Inducible NOS has been implicated in potentiating the proinflammatory responses of immune cells, including neutrophils and monocytes, particularly after injury (Armstrong, 2001; Cifone et al., 1999; Satake et al., 2000). Studies have demonstrated that targeting iNOS following SCI using pharmacological, molecular, or transgenic knockout approaches is beneficial (Orihara et al., 2001; Paramentier-Batteur et al., 2001; Pearse et al., 2003; Isaksson et al., 2005). Previously we have shown that antisense oligonucleotides (ASOs), specific for iNOS mRNA, can reduce iNOS protein and activity, and inhibit neutrophil infiltration and myeloperoxidase (MPO) production, as well as reduce blood–spinal cord barrier (BSCB) permeability, astrogliosis, and neuron loss after SCI (Pearse et al., 2003). The iNOS ASOs were more effective than the pharmacological inhibitors 1400W or aminoguanidine in producing these beneficial effects. Therefore, as a continuation of our previous work, the present investigation sought to determine the long-term anatomical and functional benefit of acute iNOS ASO administration following contusive SCI.

Methods

Adult female Fischer rats (n=32; 180–200 g; Harlan Laboratories, Livermore, CA) were housed according to the National Institutes of Health (NIH) guide for the care and use of laboratory animals.
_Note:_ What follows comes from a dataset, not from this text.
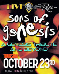 Experience an exclusive evening with Sons Of Genesis performing a full spectrum of Genesis Catalog ... featuring early Prog, Medleys, Deep Cuts and Greatest Hits.

The Institutional Animal Care and Use Committee of the University of Miami approved all animal procedures. Following anesthesia (45 mg/kg ketamine and 5 mg/kg xylazine), the animals received a moderate (12.5 mm) thoracic T8 contusion injury using the MASCIS weight drop device as described previously (Gruner, 1992). The contusion impact velocity and compression were monitored to guarantee consistency between animals. Animals (n=2) were excluded immediately when height or velocity errors exceeded 6%, or if the compression distance was not within the range of 1.35–1.75 mm. The iNOS ASOs used in this study were prepared as previously described (Parmentier-Batteur et al., 2001; Pearse et al., 2003). This ASO is a 21-mer oligodeoxyribonucleotide that consists of phosphothiolated (PT) bonds between the last three nucleotides on each end of the molecule: 5′-CTTCAGAGTCTGCCCATTGCT-3′. The random nonsense sequence of the oligodeoxynucleotide was used as a mixed base control oligonucleotide (MBO): 5′-TCTCAGTGAGCCCTCATTCTG-3′. At 3 h after SCI, the rats were anesthetized, the previous laminectomy site was re-exposed, and 200 nM iNOS ASOs or MBOs were delivered by spinal cord superfusion according to previously described methods (Pearse et al., 2003). After SCI and random allocation to treatment groups (n=10 SCI control; n=10 SCI+MBOs; n=10 SCI+iNOS ASOs), animals received weekly open-field locomotor testing for evaluation of hindlimb performance using the Basso-Beattie-Bresnahan (BBB) score developed by Basso and colleagues (1996). All behavioral scoring was carried out by two observers who were blinded to the experimental procedures performed on each animal. BBB subscore analysis was also employed to examine the recovery of hindpaw placement as described elsewhere (Pearse et al., 2007).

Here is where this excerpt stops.